# Esoterica SH PNZNS



## Grey7 (Jan 23, 2010)

Cupojoes has 'em. Get them while you can


----------



## Troutman22 (Feb 2, 2011)

Many thanks for the headsup and maybe more important for the shorthand.


----------



## Pugsley (Jul 12, 2009)

Got it, thanks for the heads up. :clap2:


----------



## KcJason1 (Oct 20, 2010)

Sweet... Thanks bro.. Been looking for some!

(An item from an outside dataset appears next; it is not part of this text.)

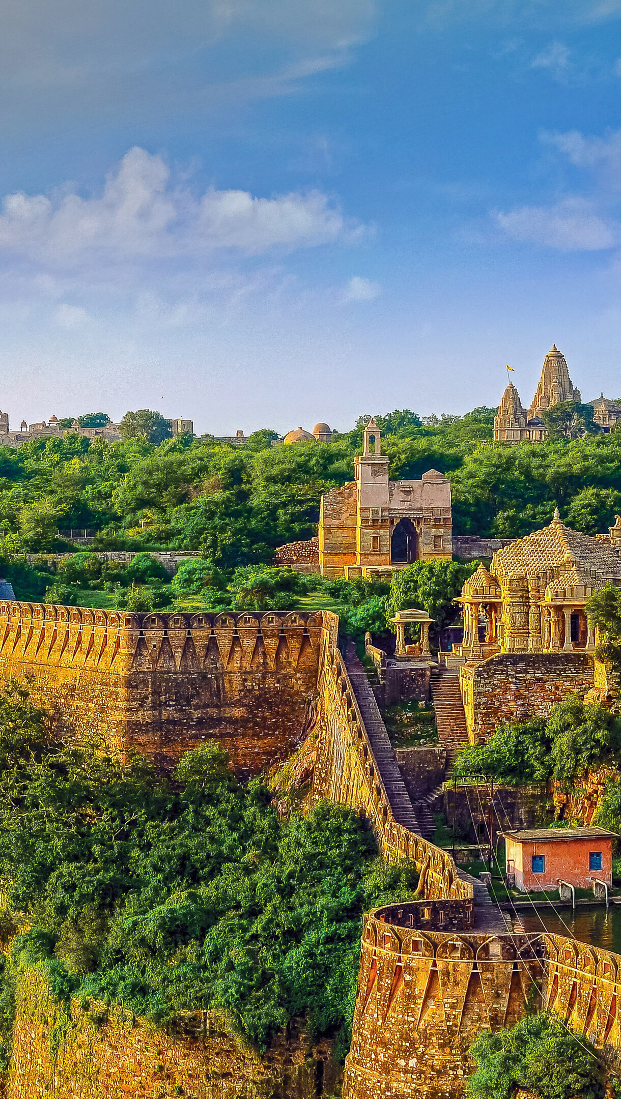 A captivating 4K wallpaper of the sprawling Chittorgarh Fort in India, an historic hilltop complex nestled amidst lush green hills under a bright sky. Golden sunlight illuminates the ancient stone walls and ornate temples, casting rich hues that highlight the complex's majestic scale and timeless beauty.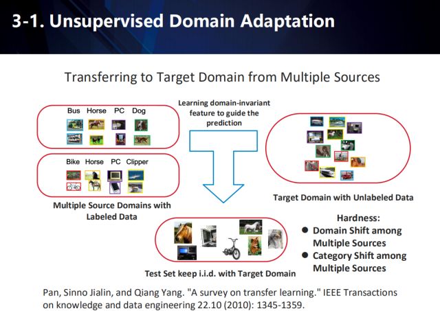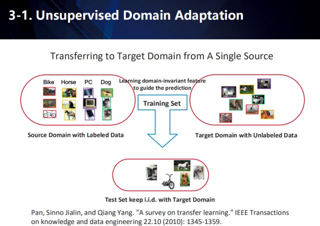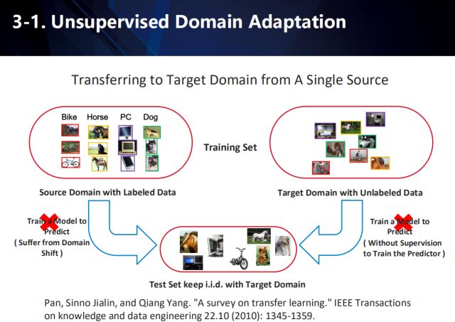 因此,需要联合有标注的源域数据和无标注的目标域数据,来学习一个与域无关的特征,来进行最终在目标域上的预测。

Just placed my order as well!

Thanks again!
Jason


----------



## Pugsley (Jul 12, 2009)

Update: Looks like the Stonehaven is gone now but they still show Penzance in the 8 oz. size.


----------



## jfdiii (Nov 12, 2010)

Ahhhhh!!!! no more stony!!!


----------



## BrewShooter (Mar 17, 2011)

Yeah, I have several jars of Penzance and was hoping to pick up some Stony, but I see it went quickly.


----------



## Troutman22 (Feb 2, 2011)

Its all Pugsley's fault - he didnt follow the code...


----------



## Pugsley (Jul 12, 2009)

Troutman22 said:


> Its all Pugsley's fault - he didnt follow the code...

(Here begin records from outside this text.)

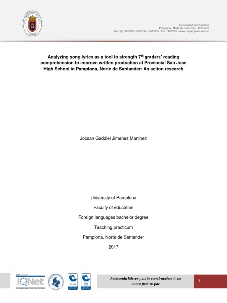 Analyzing Song Lyrics As A Tool To Strength 7 Graders Reading Comprehension To Improve Written Production At Provincial San Jose High School In Pamplona Norte De Santander An Action Research Pedagogy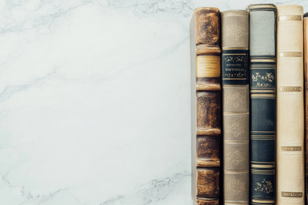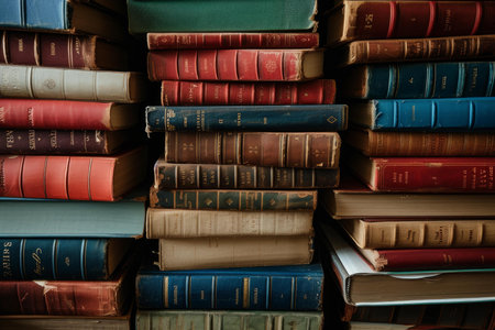 A captivating arrangement of vintage leather-bound books stacked elegantly in a grand library. This image evokes a sense of scholarly pursuit and timeless knowledge.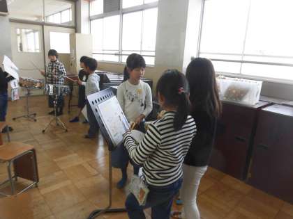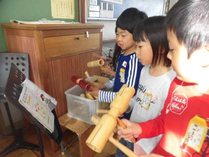 普段なかなか使うことのない「クラベス」,「小太鼓」,「ウッドブトック」などにも触れることができ嬉しそうでした。実際にたたいてみることで,どんな音がでるのかよくわかったようです。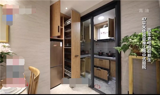 厨房同样面临采光不足的问题,冰箱和餐桌就占据了整个厨房的大半空间,厨房的操作台高度及动线明显不合理,对于肢残三级的女主人来说并不友好。

Yes, you're right. I blame myself. I don't deserve to have these wonderful tobaccos and I must do the honorable thing. As soon as I receive the bag of PNZNS and the two bags of SH I'll surrender them to the first anti tobacco Nazi I can find for immediate destruction. Of course I'll be too distraught to make a photographic record of it so you'll have to trust me on this. :mischief:


----------



## Jeff10236 (Nov 21, 2010)

I see they still have the Pen., I almost placed an order (I don't know if it would get to me though- I'm don't know if Cup 'o Joes is one of the retailers that are ignoring the MD ban), but then I thought about how much Pen. I currently have and how much money I have for the summer and decided to wait until next time (hopefully, I won't have to wait until winter or my current stock may not be enough). Anyway, all that to say, they still seem to have Pen. in stock.


----------



## Firedawg (Nov 8, 2010)

Im so over chasing this tobacco down and figure sooner or later I might stumble on a bag of stoney than I will buy it. This whole frenzy over one tobacco which is funny since readers see people ogling over it and buy pounds of it when they havent even tried it themselves. We are creating this supply and demand issue. I think I will go buy 8oz of C&D today.


----------



## Exille (Mar 7, 2011)

Firedawg said:


> Im so over chasing this tobacco down and figure sooner or later I might stumble on a bag of stoney than I will buy it. This whole frenzy over one tobacco which is funny since readers see people ogling over it and buy pounds of it when they havent even tried it themselves. We are creating this supply and demand issue. I think I will go buy 8oz of C&D today.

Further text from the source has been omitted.